The scandal grew into the largest scandal in the Reagan administration's history, but Prado's name has never been revealed. He remained undercover and fought against communist insurgencies from Peru and the Philippines.

Prado stated, "I was called up to headquarters from our office of medical services." They wanted to conduct a psych assessment on me to determine why I was moving from danger to danger.

"What did the psychiatrist say?"

He said, "I believe in what it's doing, and that I'm good at it." "And I'm trying to repay the bad guys for what they did my family."

The bad guys started to change with the fall and collapse of communism. Prado was given the task of following Osama Bin Laden, a rising terrorist financier in 1995. Prado hadn't heard of him but had heard about the CIA operative that had been following bin Laden. He said, "There is only one Billy Waugh" in the world.

Waugh, now 92 years old, is a legend within the black ops world. He was the first to take surveillance photos of bin Laden by the CIA, back when he was in Khartoum (the capital of Sudan).

Martin was told by Waugh that he took many photos of him.

"How many photos did you take?"

"Thousand."

Martin asked, "If you can take these kind of photos from close enough, then are you close enough? Martin asked.

Waugh replied, "Yes sir." "And it was requested many times. That's all you have to do. He could have been my savior every day of the week."
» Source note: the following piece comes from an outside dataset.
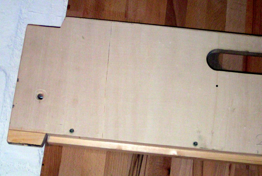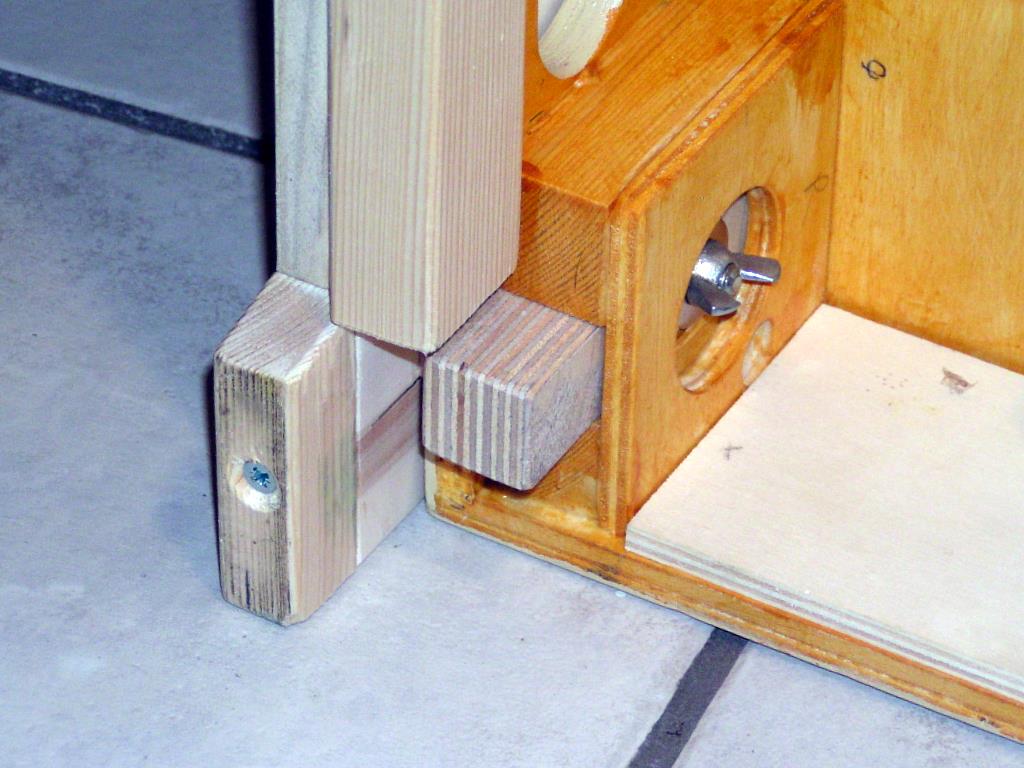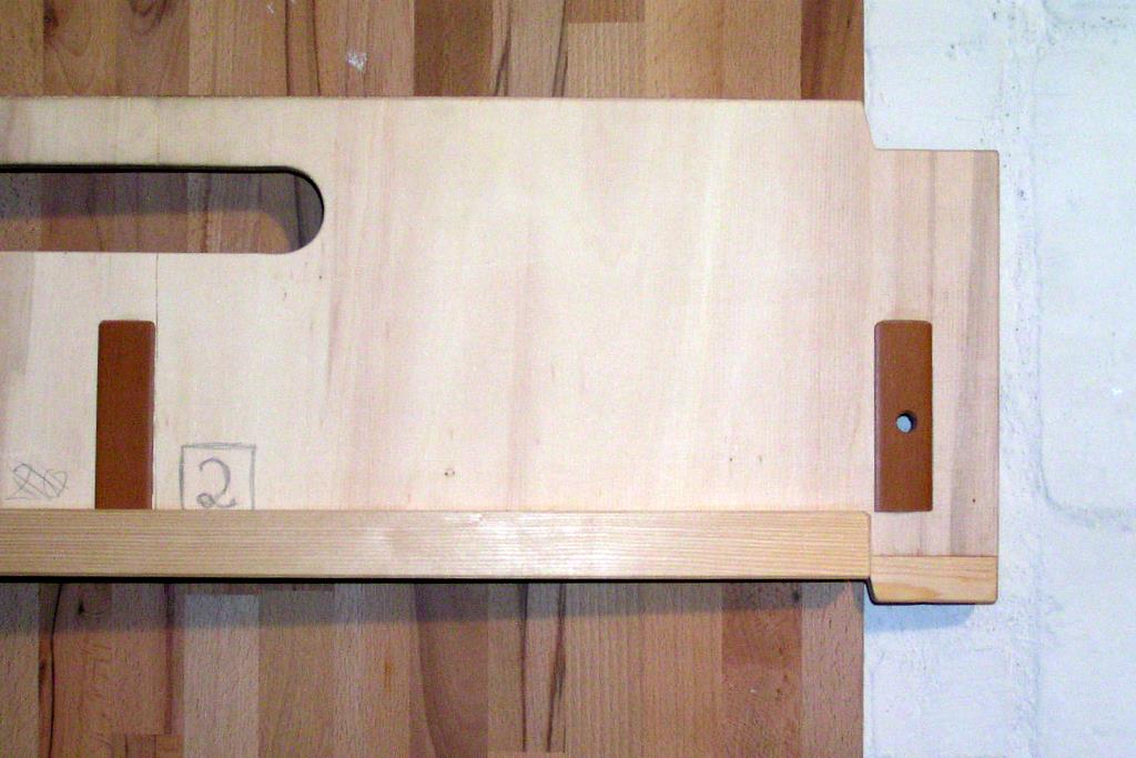 Aus den 80 cm breiten rechtwinkligen Platten werden am oberen Ende zwei „Innenecken“ herausgearbeitet. Nach innen hin werden diese Aussparungen zum besseren Aufeinandersetzen abgeschrägt. Mit den Maßen dieser „Innenecken“ werden aus ebenso stabilen 20/22mm starken passenden Leisten die Gegenstücke hergestellt. Diese werden verleimt und verschraubt auf das untere Ende des Holzes aufgebracht. Man kann natürlich den dadurch entstehenden Ausschnitt auch sägen, dass ist nur erheblich mühevoller.

Waugh was primarily targeting Carlos the Jackal, a terrorist who orchestrated the 1975 kidnapping in Vienna of OPEC oil ministers. He was the most wanted man in the world, living in Khartoum, where Waugh discovered him and took photos from the fifth floor of the hideout across the street.

The Jackal was taken into custody and sentenced to life imprisonment. Bin Laden was still free.

Martin asked Prado: "Was there any consideration to trying to take bin Laden out?"

He replied, "Yes, of course," "Unfortunately, our political willpower was not yet there." We could have kidnapped his family at that point, but it was not permitted."

"Obviously, if bin Laden was removed from the landscape, many historical events would have been different." The CIA cannot just travel the globe and kidnap every terrorist.

"No, they cannot."

"So, if you claim there wasn't political will, would have been political will?"

Prado said, "I believe so." I'm not suggesting that we should have killed bin Laden immediately. Abducting bin Laden and putting him in interrogation to see what he could give us is something that we can do and it would have been justifiable.

Prado retired two years after 9/11. He was frustrated by the CIA's refusal to pursue his plans for pursuing terrorists.

"How can you justify a target being killed by a drone but they hate the fact that you are willing to shoot a single bullet into their heads?" He said. "That's why you retired. It was my time."

Martin stated, "A lot people are going to hear you and say, ‘There’s a great American.’ There will be others who will listen to you and ask, "Who let this guy go?"

"Or who didn’t let this guy loose?" Prado said. "And what difference would that have made?" Prado said. "If we had taken out bin Laden in Khartoum when he was there, then chances are that 9/11 wouldn't have happened."